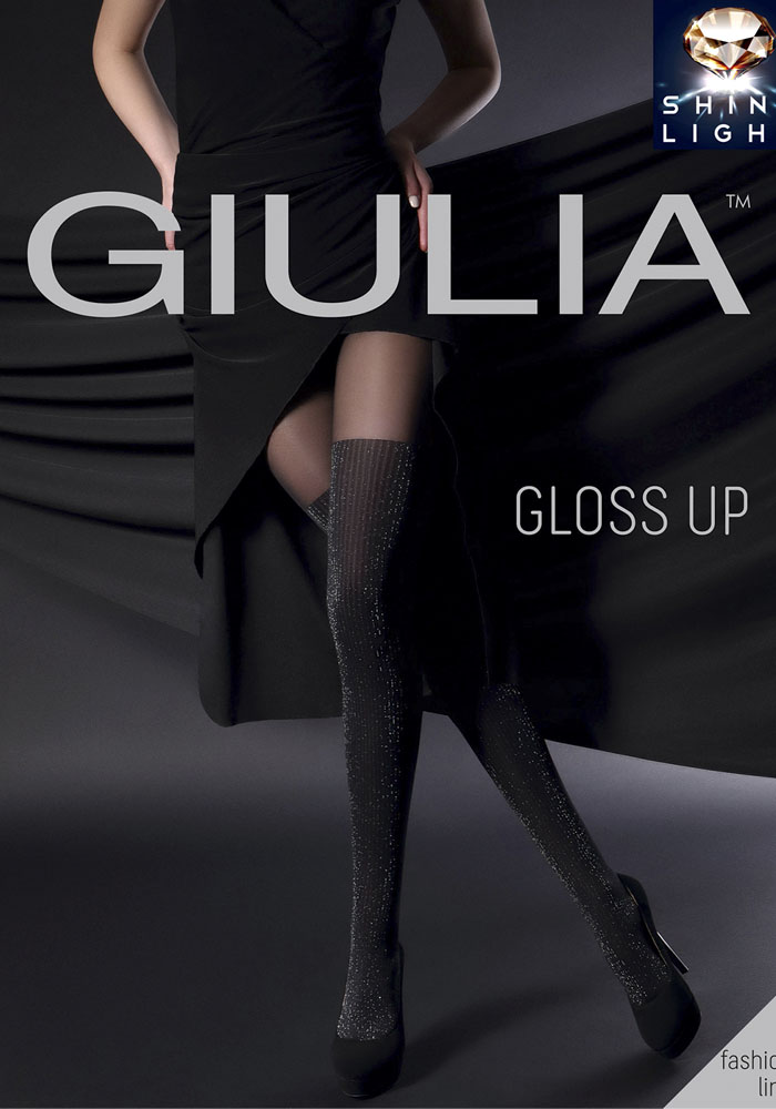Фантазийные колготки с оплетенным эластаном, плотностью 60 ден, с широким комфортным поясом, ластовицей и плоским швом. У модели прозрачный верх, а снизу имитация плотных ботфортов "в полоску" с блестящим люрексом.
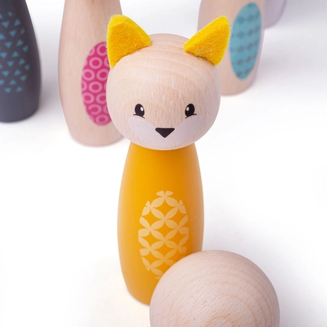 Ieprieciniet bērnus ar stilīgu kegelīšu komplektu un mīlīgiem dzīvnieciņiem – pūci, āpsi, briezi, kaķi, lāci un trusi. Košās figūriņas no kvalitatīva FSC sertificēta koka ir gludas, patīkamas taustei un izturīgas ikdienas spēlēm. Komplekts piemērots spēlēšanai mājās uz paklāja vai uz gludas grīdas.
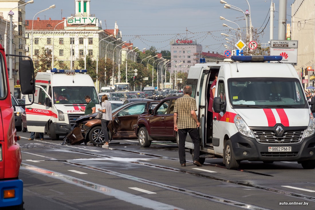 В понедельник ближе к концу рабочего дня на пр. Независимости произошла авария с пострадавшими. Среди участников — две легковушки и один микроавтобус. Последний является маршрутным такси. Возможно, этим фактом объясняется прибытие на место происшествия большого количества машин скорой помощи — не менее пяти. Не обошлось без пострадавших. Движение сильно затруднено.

━━━━

→ **Aim of the task**: Starting with the line that contains "Ieprieciniet bērnus ar", reproduce every line down to the end of the listing above, both endpoints included. Pictures stay out.

→ **Your response**:
 Ieprieciniet bērnus ar stilīgu kegelīšu komplektu un mīlīgiem dzīvnieciņiem – pūci, āpsi, briezi, kaķi, lāci un trusi. Košās figūriņas no kvalitatīva FSC sertificēta koka ir gludas, patīkamas taustei un izturīgas ikdienas spēlēm. Komplekts piemērots spēlēšanai mājās uz paklāja vai uz gludas grīdas.
 В понедельник ближе к концу рабочего дня на пр. Независимости произошла авария с пострадавшими. Среди участников — две легковушки и один микроавтобус. Последний является маршрутным такси. Возможно, этим фактом объясняется прибытие на место происшествия большого количества машин скорой помощи — не менее пяти. Не обошлось без пострадавших. Движение сильно затруднено.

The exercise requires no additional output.